**Information shown**

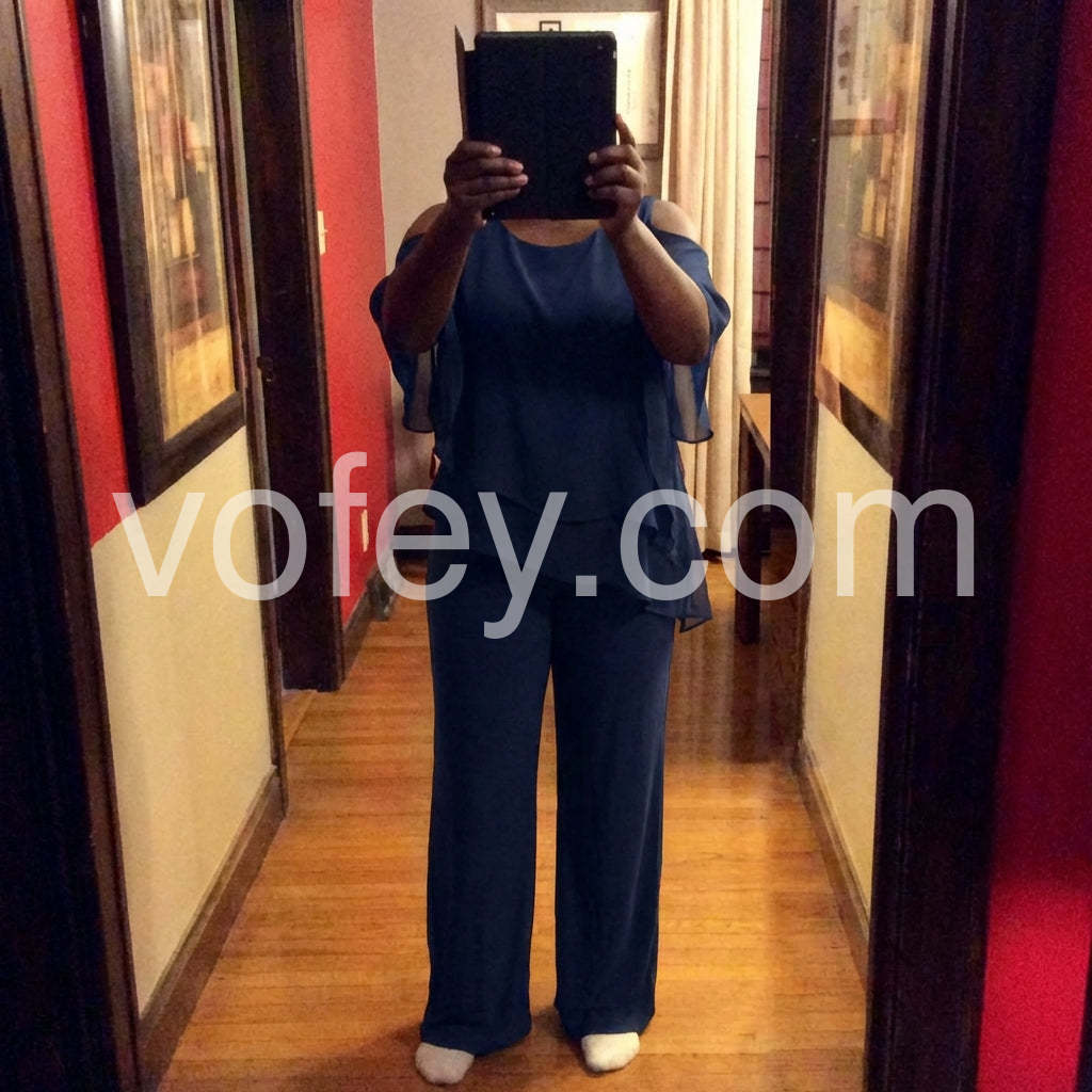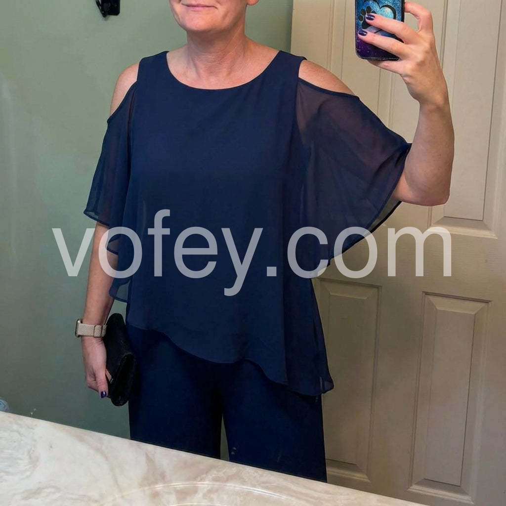 This fashionable two-piece set includes a navy cold shoulder three-quarter length draped sleeves and asymmetrically layered ruffled top and pants. Crafted from lightweight and soft materials, this set is perfect for any occasion. Step up your look with this stylish set.
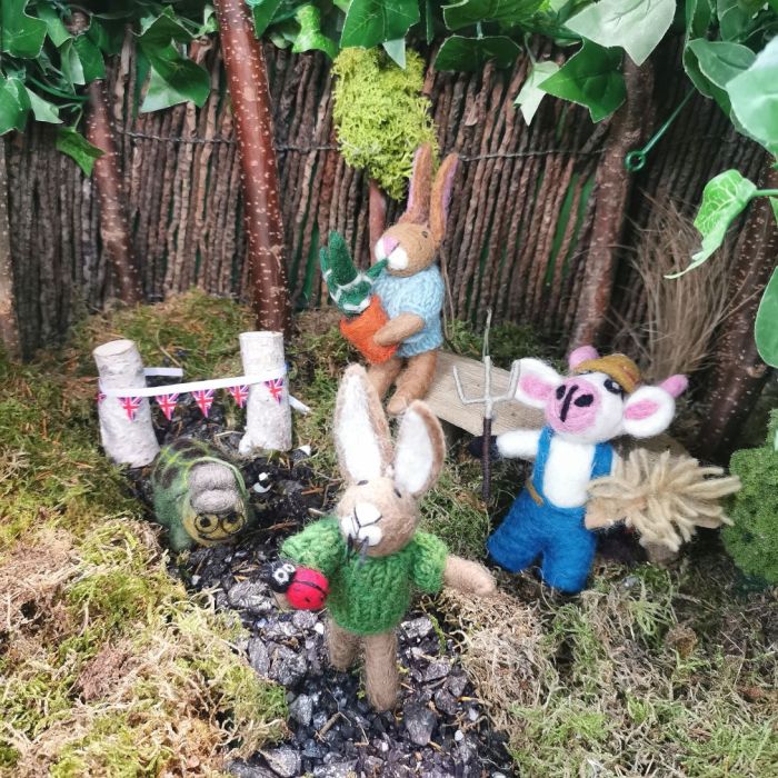 Bobby le lièvre coccinelle est tellement excité à l'idée de passer une journée dans le jardin ! Il porte son magnifique pull vert tricoté à la main, avec son adorable sac à dos coccinelle en feutre humide, complété par des mini décorations coccinelles en feutre à l'aiguille ! Il s'est même trouvé un ami, une coccinelle en feutre à l'aiguille est cousue dans sa petite patte.
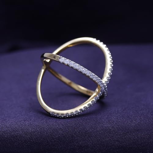 AFFY Round Shape White Cubic Zirconia Criss Cross X Ring in 14k Gold Over Sterling Silver 5

**Work instructions**
Pictures stay out; everything else in the listing above gets restated word for word.

**Result for this exercise**
 This fashionable two-piece set includes a navy cold shoulder three-quarter length draped sleeves and asymmetrically layered ruffled top and pants. Crafted from lightweight and soft materials, this set is perfect for any occasion. Step up your look with this stylish set.
 Bobby le lièvre coccinelle est tellement excité à l'idée de passer une journée dans le jardin ! Il porte son magnifique pull vert tricoté à la main, avec son adorable sac à dos coccinelle en feutre humide, complété par des mini décorations coccinelles en feutre à l'aiguille ! Il s'est même trouvé un ami, une coccinelle en feutre à l'aiguille est cousue dans sa petite patte.
 AFFY Round Shape White Cubic Zirconia Criss Cross X Ring in 14k Gold Over Sterling Silver 5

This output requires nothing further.